> _Exercise aim_: Set down the data below from its first line to the line holding "Bayram dasturida Keksalar", inclusive; omit all pictures.
==============================
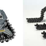 ▲スプロケットホイールとローラー8個で構成される三角形のトラックユニットは、路面に合わせてコマの組み合わせをカスタムできる
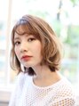 グラデーションボブスタイル。ふんわり感を出すためにトップにストロークカットを施す。ダイヤモンドシルエットがポイント。。毛先は外ハネ、中間はミックスでスパイラルのS字巻き。オリーブアッシュのさりげないコントラストカラーで束感を出す。
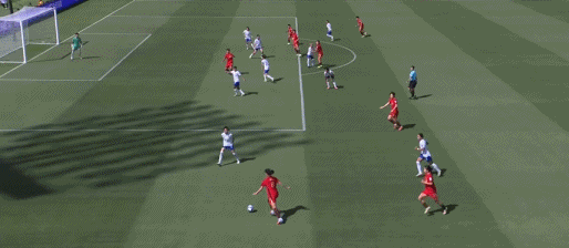第33分钟,张馨尝试传球到禁区内,无人顶到皮球
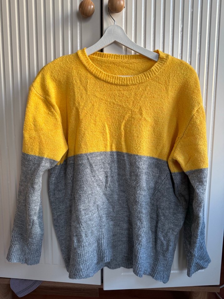 Sarı Gri Triko Kadın Kazak
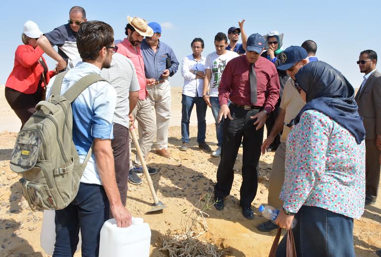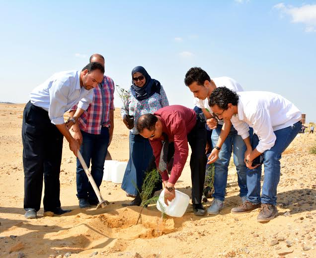في غرس أشجار الزينة والزيتون كإشارة البدء للإعلان عن بدء استثمار الجامعة للمزرعة البحثية بمنطقة وادي النطرون بالبحيرة.
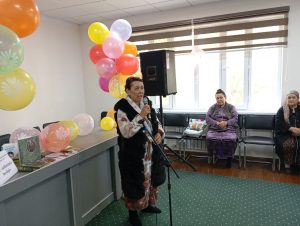 Bayram dasturida Keksalar va nogironligi bo’lgan shaxslar, urush va mehnat fahriylari uchun “Taxiatosh” sanatorisida madaniy tashkillashtiruvchi hodimi Q.Erimbetova 21-oktyabr O’zbekiston Respublikasi Davlat tili haqidagi Qonuni qabul qilinganligiga 35 yil to’lishi munosabati bilan otahon va onahonlarni tabrikladi.
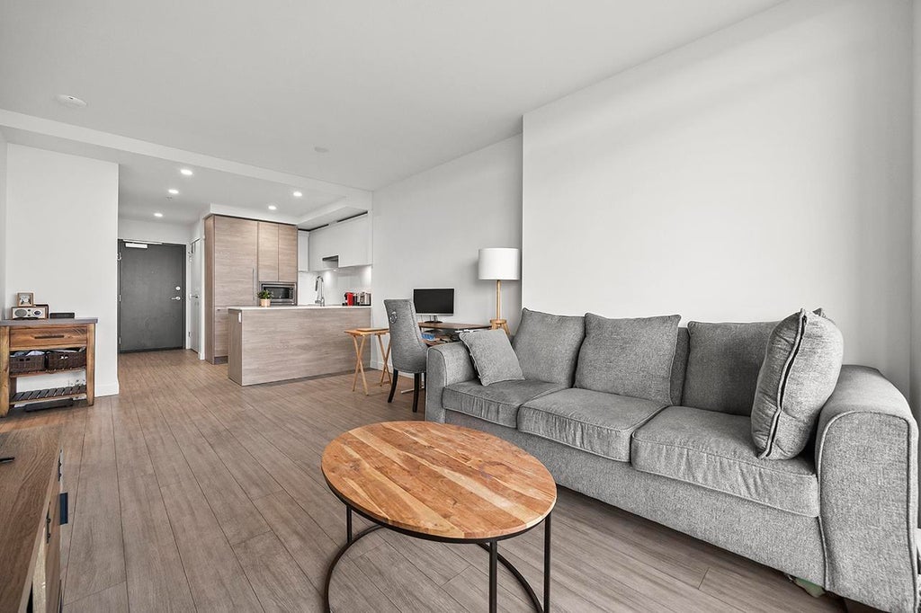 Welcome to KING GEORGE HUB 1 by PCI Developments, a vibrant community in the heart of Surrey City Centre. This freshly updated 1 BED unit features fresh paint and new flooring, along with 1 parking stall included. The functional open layout is enhanced by integrated appliances, a Fulgor Milano wall oven, induction cooktop, quartz countertops, and laminate flooring throughout. Enjoy a spacious private balcony perfect for relaxing or entertaining. Amenities include a fully equipped fitness centre, yoga studio, games room, theatre, rooftop terrace with BBQ, and social lounges. Unbeatable location steps to King George SkyTrain, Central City Mall, SFU Surrey, T&T Supermarket, and more. Book your showing today! (id:6289)
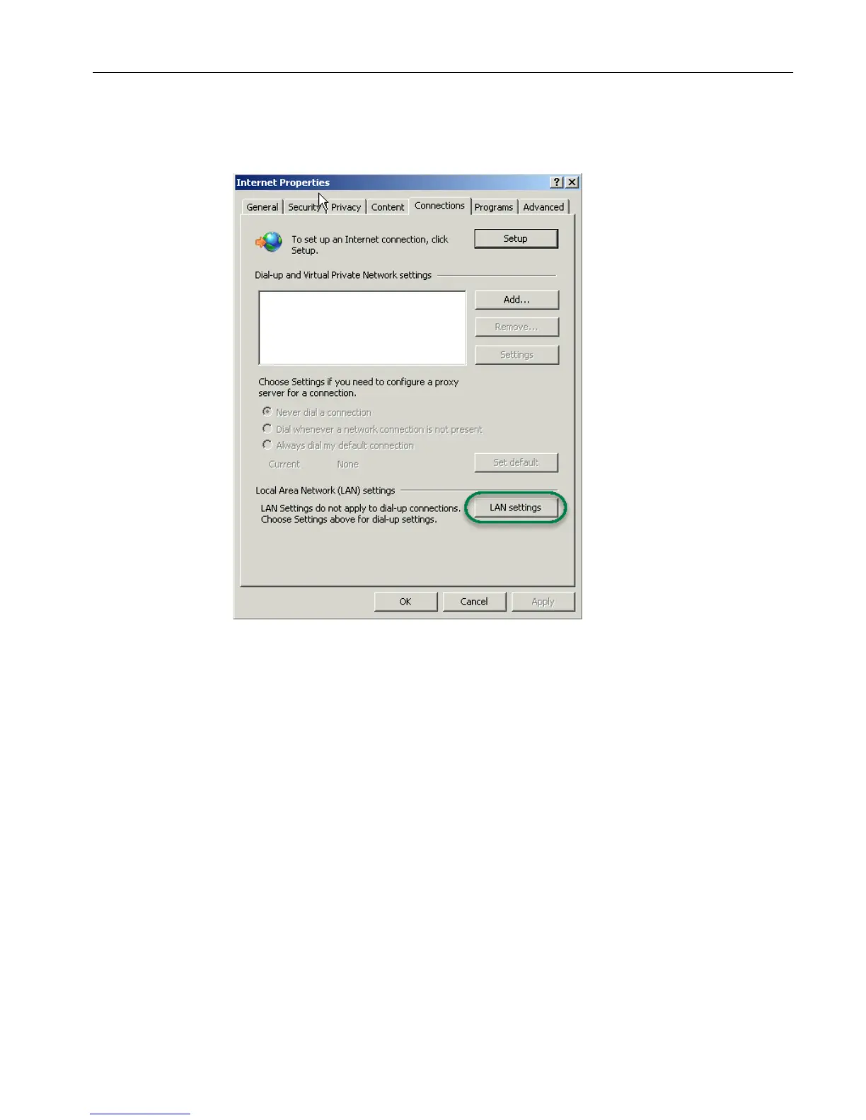 – In the "Local Area Network (LAN) settings" group box, click the "LAN settings" button.
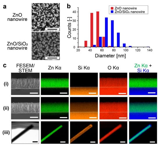 (a) Scanning electron microscope (SEM) images of ZnO nanowire (upper) and ZnO/SiO2 nanowire (lower) as a top view (scale bars, 500 nm). (b) Nanowire diameter of ZnO nanowires (red) and ZnO/SiO2 nanowires (blue). (c) Elemental mapping images by field-emission scanning electron microscope (FESEM) or scanning transmission electron microscope (STEM); Zn Kα, Si Kα, O Kα, and merged. Merged images were constructed from Zn Kα (green) and Si Kα (blue). Mapping images are for: (i) free-standing ZnO nanowires (scale bars, 1 µm), (ii) free-standing ZnO/SiO2 nanowires (scale bars, 1 µm) and (iii) single ZnO/SiO2 nanowire (scale bars, 100 nm).
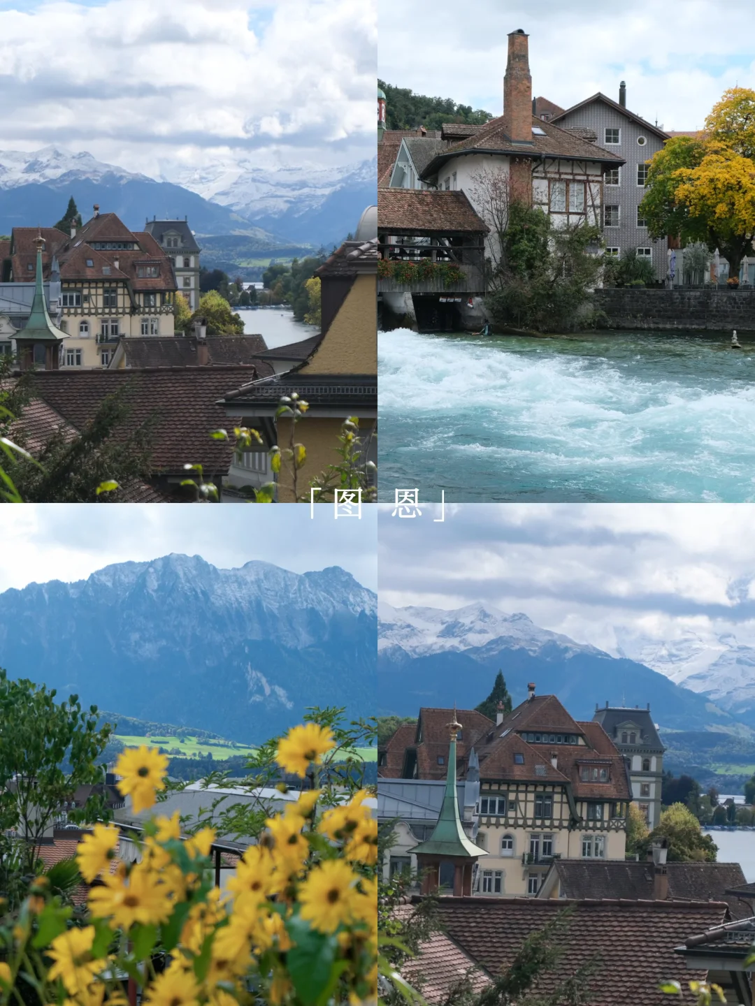 🏰图恩:到访的第一个小镇,阴天都很美,小镇被一条河流穿过,可以看到雪山、城堡,沿河走能一直走到图恩湖边!超美
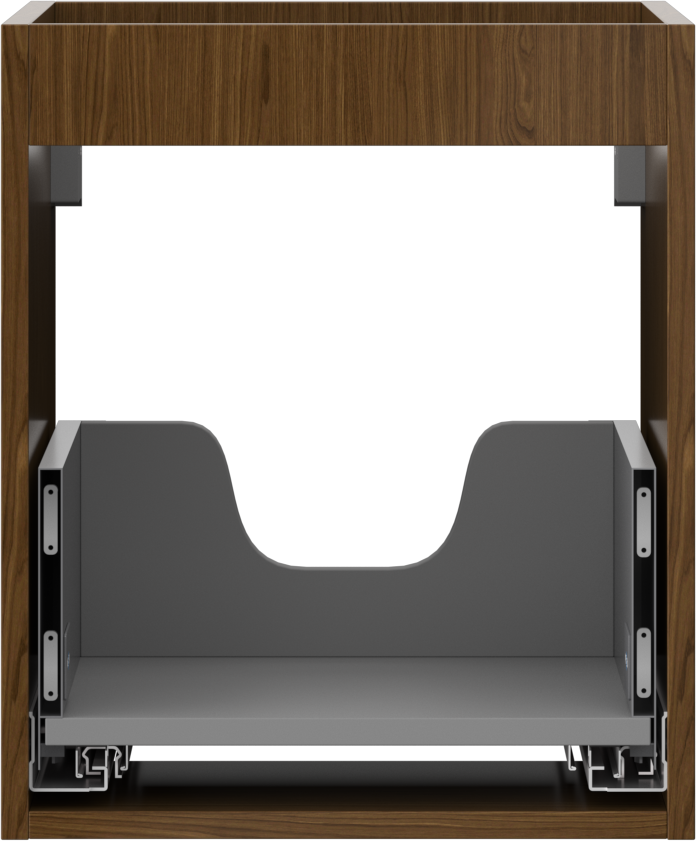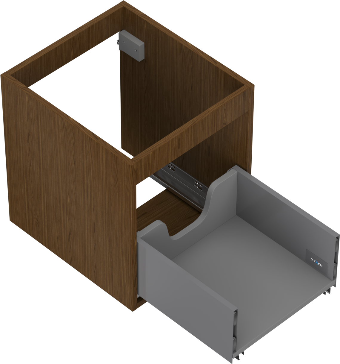 La découpe dans le tiroir est conçue de manière à accueillir le siphon, qui est nécessaire dans les installations de lavabo. Ainsi, le meuble peut être installé de manière pleinement fonctionnelle, sans devoir renoncer à l'espace du tiroir au profit de l'installation.
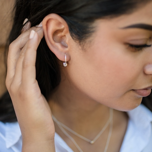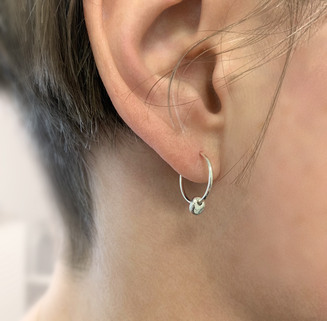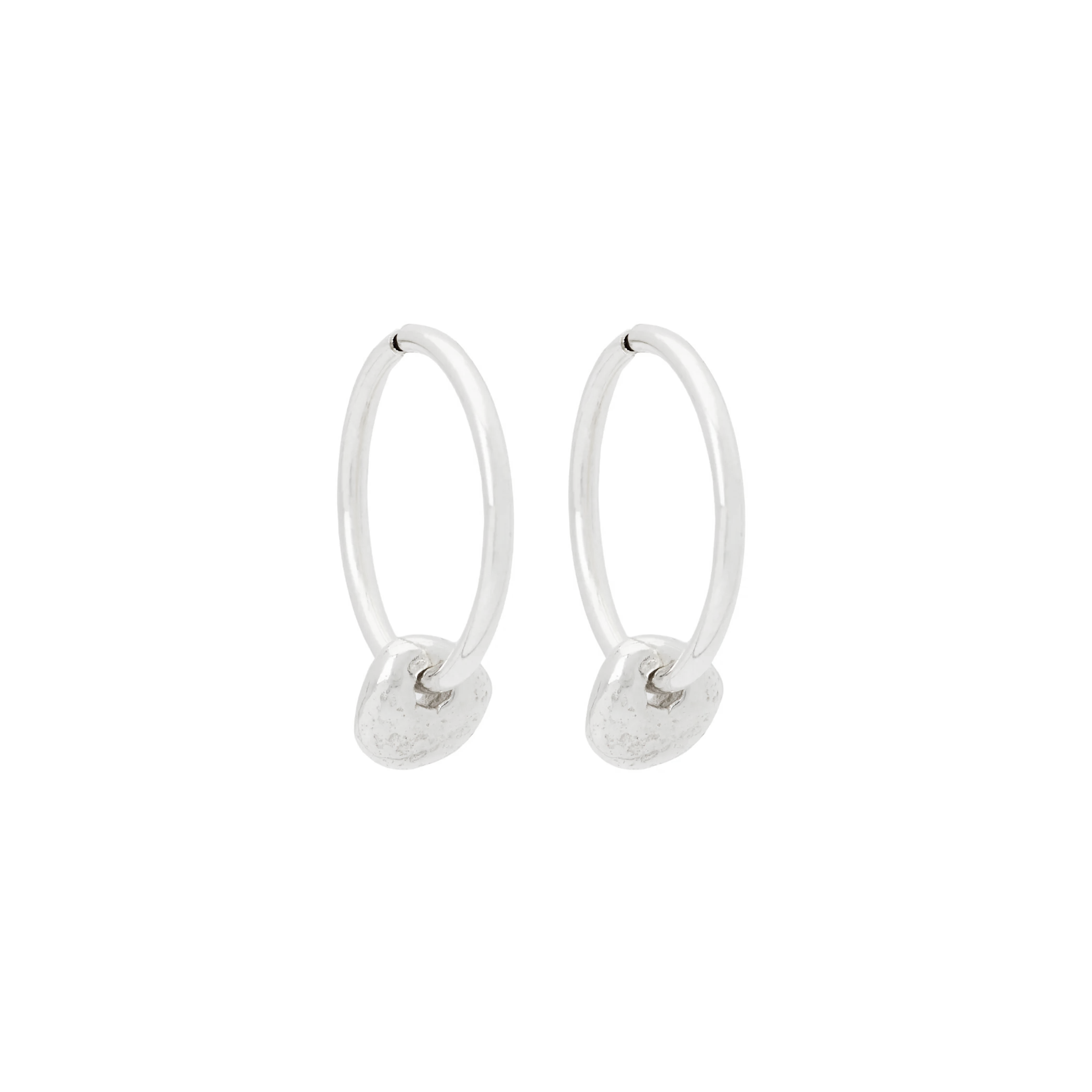 A pair of stunning sleep hoops featuring a little dangling lucky stone named chip.
==============================
> _Solution below_:
 ▲スプロケットホイールとローラー8個で構成される三角形のトラックユニットは、路面に合わせてコマの組み合わせをカスタムできる
 グラデーションボブスタイル。ふんわり感を出すためにトップにストロークカットを施す。ダイヤモンドシルエットがポイント。。毛先は外ハネ、中間はミックスでスパイラルのS字巻き。オリーブアッシュのさりげないコントラストカラーで束感を出す。
第33分钟,张馨尝试传球到禁区内,无人顶到皮球
 Sarı Gri Triko Kadın Kazak
في غرس أشجار الزينة والزيتون كإشارة البدء للإعلان عن بدء استثمار الجامعة للمزرعة البحثية بمنطقة وادي النطرون بالبحيرة.
 Bayram dasturida Keksalar va nogironligi bo’lgan shaxslar, urush va mehnat fahriylari uchun “Taxiatosh” sanatorisida madaniy tashkillashtiruvchi hodimi Q.Erimbetova 21-oktyabr O’zbekiston Respublikasi Davlat tili haqidagi Qonuni qabul qilinganligiga 35 yil to’lishi munosabati bilan otahon va onahonlarni tabrikladi.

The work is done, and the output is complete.